I think the -r flag tells dsme to reboot the device if this process dies/is killed. I.e. if Xorg goes down holy sh1t, catastrophe! Reboot now!
Possibly by changing the dsmetool flag for xorg startup you could change the way it reacts to Xorg dieing. For example if you copy how BME is launched (just restarts BME if it is killed/dies, reboots after 5 shots) you may get your desired effect.
The watchdog is a timer that runs out, a hardware countdown. If some piece of software does not set a bit every 30s (I think) then the hardware assumes everything has gone tits up and resets the hardware (reboot).
So the problem is not the watchdog killing the phone, it is dsme killing the phone when it sees a critical process dieing. You just have to change how dsme starts xorg.
I gues Xorg.0.log is copied to /home/user so that you can actually have a look at the log in case it's necessary.

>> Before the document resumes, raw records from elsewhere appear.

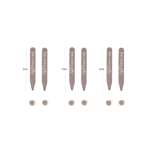 These innovative collar stays are crafted from corrosion-resistant, airport-friendly metal alloy and are paired with a set of 6 magnetic power 'buttons' to instantly tame your collar. Insert stays into collar and place the magnet under your shirt to get the perfect collar every time. If you're looking for the best collar stays on the market, look no further than Wrkin Stiffs.
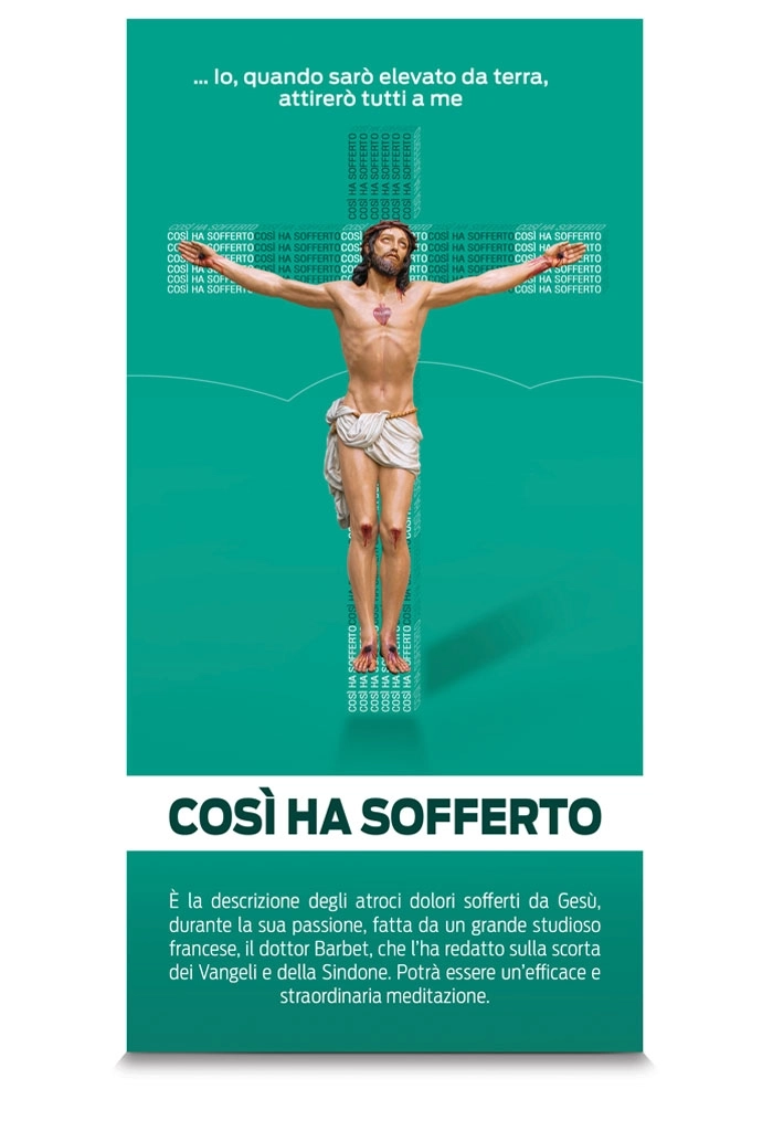 Il pieghevole contiene la descrizione degli atroci dolori sofferti da Gesù durante la sua passione. L'autore, il dottor Pierre Barbet, chirurgo francese e grande studioso, ha sviluppato la narrazione della passione e morte del Signore a partire dai Vangeli e dalla Sindone, integrandola con le sue conoscenze mediche, fisiologiche, anatomiche e archeologiche. Non si può leggere la passione di Cristo con le spiegazioni delle sofferenze corporali, senza provare una intensa emozione.
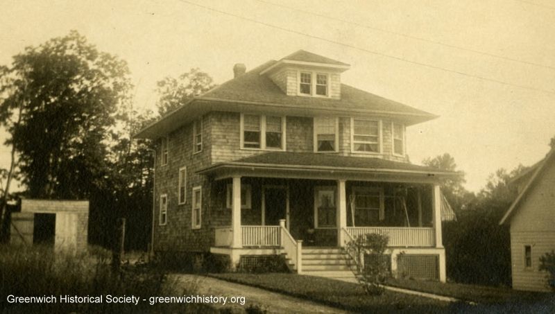 Two story, shingled residence of W. A. Mombert with a full-width front porch, top and bottom bay windows in the front and a dormer with two windows in the roof. A detached garage is at the end of the driveway.Collection
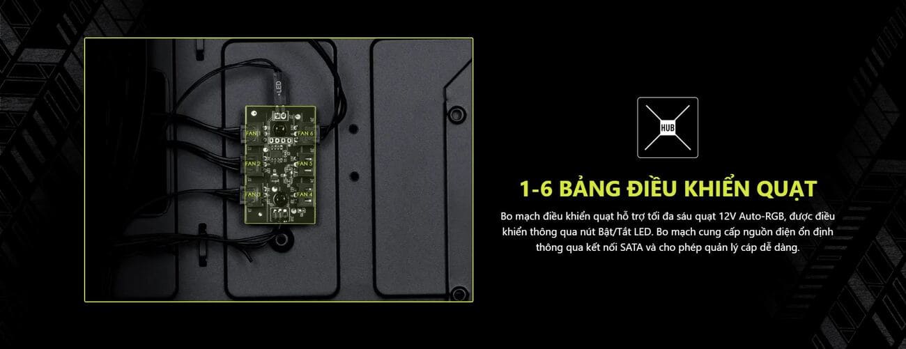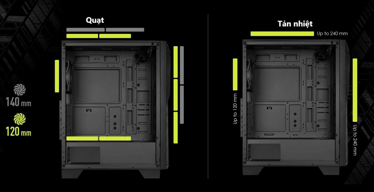Hỗ trợ quạt tản nhiệt: Trên: 2x 120/140mm, Trước: 3x 120 mm / 2x 140 mm, Sau: 1x 120 mm, Đáy: 2x 120 mm
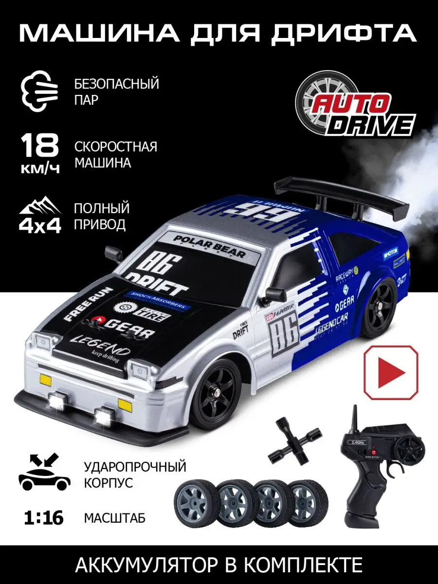 Машинка на радиоуправлении HB Toyota AE86, Дрифт 4WD с паром SC16A07-1
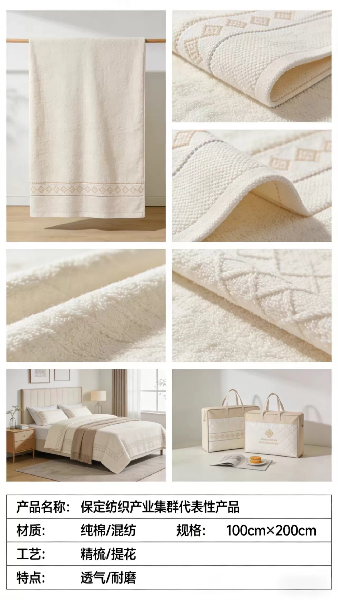 这是保定纺织产业集群出品的高端精梳提花纯棉浴巾(也可作盖毯 / 床品),主打透气耐磨、亲肤舒适,是家居洗护、礼品套装的高品质选择。
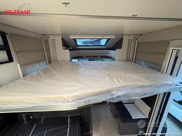 Il McLouis MC4 860 2026 è un semintegrale sotto i 7 metri che unisce comodità, design moderno e ampia praticità. La disposizione interna offre una dinette living spaziosa e luminosa, con sedili cabina girevoli e tavolo centrale regolabile: un vero salotto su ruote. Nella zona posteriore trovi un ampio letto matrimoniale trasversale, comodo e ben accessibile, mentre il letto basculante elettrico anteriore permette di ricavare altri posti letto senza rinunciare allo spazio abitativo.
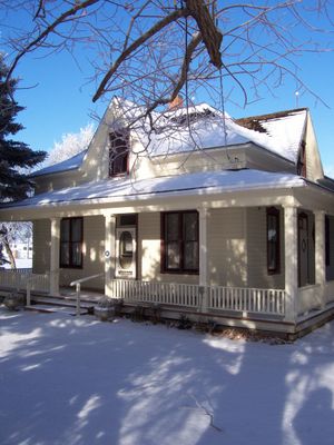 The farmstead includes a Victorian-style house with seven rooms, a wraparound porch, and several outbuildings including a barn, granary, and storage cellar.
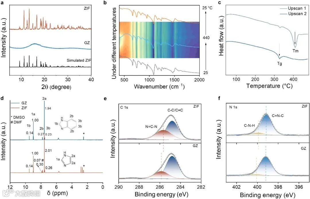 首先通过溶剂热法合成了ZIF材料,并通过高温熔融淬火处理将其转变为玻璃态GZ。通过X射线衍射(XRD)、傅里叶变换红外光谱(FT-IR)和差示扫描量热法(DSC)等表征手段,说明GZ具有无晶界和各向同性的特性。利用电子顺磁共振(EPR)分析和热重质谱(TG-MS)揭示了GZ中N空位的形成。密度泛函理论(DFT)进一步计算了GZ中钠离子传输路径,结合静电势(ESP),揭示了GZ活性位点对钠离子传输的促进作用。
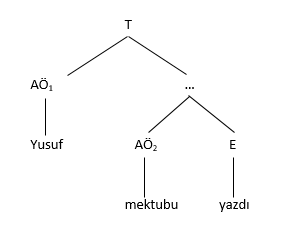 Eylem Öbeği, Tümce olabilmek için Ad Öbeği olan bir özne gerektirir. Ağaca baktığımız zaman AÖ1 ve AÖ2 yaz- eyleminin üyeleridir. Bir başka deyişle, yaz- eylemi anlamı gereği yazılacak bir nesne ve yazacak bir özne ister. Eylem Öbeğinde yanulamlanan üye iç üye, özne ise dış üye olarak adlandırılır. Bu durumda AÖ1’deki Yusuf iç değil, dış ögedir. Yanlış olan ifade D seçeneğidir.
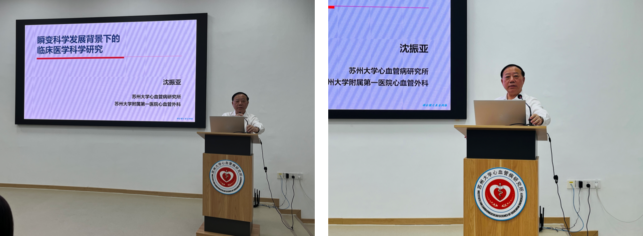 会议最后,所长沈振亚结合自己从医、从教、从研四十余年的经验,做了“瞬变科学发展背景下的临床医学科学研究”主题报告。沈所长从大工业革命发展,谈到现代医学的起源,再到如今的基因组时代,他强调,医学科研工作者要跟上科技的迅速发展,要坚持临床需求驱动,以实现基础研究与临床转化的紧密结合,最终解决临床实际问题。他指出,大数据时代,应深度结合转化医学与精准医学,以疾病类型为中心,推动学科交叉融合,当前亟待建立创新的临床研究理念。他呼吁,同学们在不断提高自身素养的同时,要秉持聚焦前沿、需求牵引和共性导向的原则,为医学的发展贡献力量。
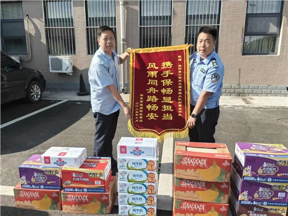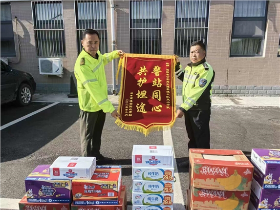 会后,为进一步深化警站协作,鼓励和感谢地方交警大队在引车上路、保障安全畅通等方面对曲阳收费站的关键支持,曲阳收费站为曲阳县公安局交通管理大队郎家庄中队、灵山中队敬赠锦旗,并为全体民警送去保障工作所需的方便面、火腿肠、牛奶、水果等慰问品。

This is done at /etc/event.d/xomap, where BTW you can change the startup options (look for variable "XORG_OPTIONS") as well as the parameters for dsmetool (remove "-r" if you don't want dsme to reboot the N900 when X dies or is killed -> but then you'd need a framebuffer as well as a way to change to another virtual terminal, and obviously a listening terminal (getty)).
The cp /tmp/Xorg.0.log /home/user is done by the post-stop script, which presumably happens when you (cleanly?) reboot the N900.